Sand the parts, refining the curves
Using a ⅜" round-over bit in a router table, round over all edges of the parts.

Complete final sanding.
 
Bed bars
The bars in the headboard and footboard are curved, which requires a lot of extra work in sawing and sanding. The bed also looks good with straight bars if you wish to avoid the extra effort. The straight bars need to have the same total length and cross section as the curved ones.

If you decide to make straight bars, create the blanks and rip them into straight bars on the table saw instead.
 
Prepare the blanks for cutting the curved bars
The headboard bars (#7) require 2x6 blanks to be cut to a length of 34 5/8". The footboard bars require a length of 22 ⅝". Each blank creates five bars so three of each are required in order to produce 15 bars of each length. When creating this many parts, it’s possible that one or two will be of unacceptable quality, so it may be a good idea to create an extra blank.

Using a ¾" straight cutter in a router table, cut rabbets along each end as shown. Each rabbet should be ½" deep and ¾" wide. This is a lot of material to remove so at least three passes will be required. This can also be done with a dado blade in the table saw.
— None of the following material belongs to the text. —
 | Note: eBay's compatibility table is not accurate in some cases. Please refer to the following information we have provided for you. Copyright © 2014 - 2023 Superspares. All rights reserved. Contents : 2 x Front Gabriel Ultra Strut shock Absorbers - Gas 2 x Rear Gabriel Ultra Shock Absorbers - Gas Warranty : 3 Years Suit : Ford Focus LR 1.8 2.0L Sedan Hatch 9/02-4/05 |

The net result will be a tenon exactly ½" thick in the centre of each end of each blank.

2x6 construction lumber usually has slightly rounded edges. These blanks must have clean square edges. Using your table saw, rip a small amount of material from each edge of each blank in order to achieve a square edge.
 

Draw a line across the centre of each blank
Trace the contour of the right side of the bar on the right side of each blank as shown. Cut the arch shape free using the band saw.
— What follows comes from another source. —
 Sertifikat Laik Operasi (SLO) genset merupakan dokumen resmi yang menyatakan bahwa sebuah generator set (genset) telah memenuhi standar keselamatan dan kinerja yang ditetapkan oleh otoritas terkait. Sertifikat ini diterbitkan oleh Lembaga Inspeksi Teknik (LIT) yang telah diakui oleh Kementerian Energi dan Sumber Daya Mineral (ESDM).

Glue the arched piece on the other side of the blank, aligning the centre marks.

Clamp it as shown using two or three clamps. Yellow carpenter’s glue is the best choice because its gap filling qualities allow you to glue surfaces fresh from the table saw, without jointing. The glue sets up quickly, allowing you to take the clamps off in as little as 30 minutes, in order to use them on the next blank.

Sand the faces of the blank smooth with a belt sander.

Trace the template of the bar on the blanks five times to create five bars, allowing for the kerf of the band saw blade. If necessary, you can modify the width of the bars slightly in order to fit the blanks. If you do modify the widths, make sure all bars are the same width. Cut the bars free.

Sand the sawn edges of the bars smooth. Using a ⅜" radius bit, mounted in a router table, round the edges over with the router. Mark out the tenons on the ends of the bars. The desired tenon width is ½". Cut the edges of the tenons to size using the band saw or by hand. Complete final sanding of all the curved bars.

The curved top rail’s supple shape is the prominent feature of this project. It beckons you to run your hand over it.
 
Cut the top rails
Cut the top rails (#3) a little over-length, from choice 2 x 4 stock. Set your table saw angle to 20º. The accuracy of the angle setting on the saw is adequate for this series of cuts. Set your saw fence 1 ⅛" to the left of the blade. Note that the angled blade may render the scale on your fence off a bit. Measure to make sure it’s right. Pass the two top rails through the saw.

Re-adjust the fence to 1 1/16", leaving the saw angle as is. Flip each piece, passing through the saw. Reset the saw angle to 28º. Set the saw fence at 2 15/16" to the left of the blade. Flip each piece and pass through the saw.

Reset the saw angle to 45º. Set the saw fence at 3 ⅛" to the left of the blade. Flip each piece and pass through the saw. Reset the saw fence to ⅞" to the left of the blade. Without flipping the pieces, pass them through the saw.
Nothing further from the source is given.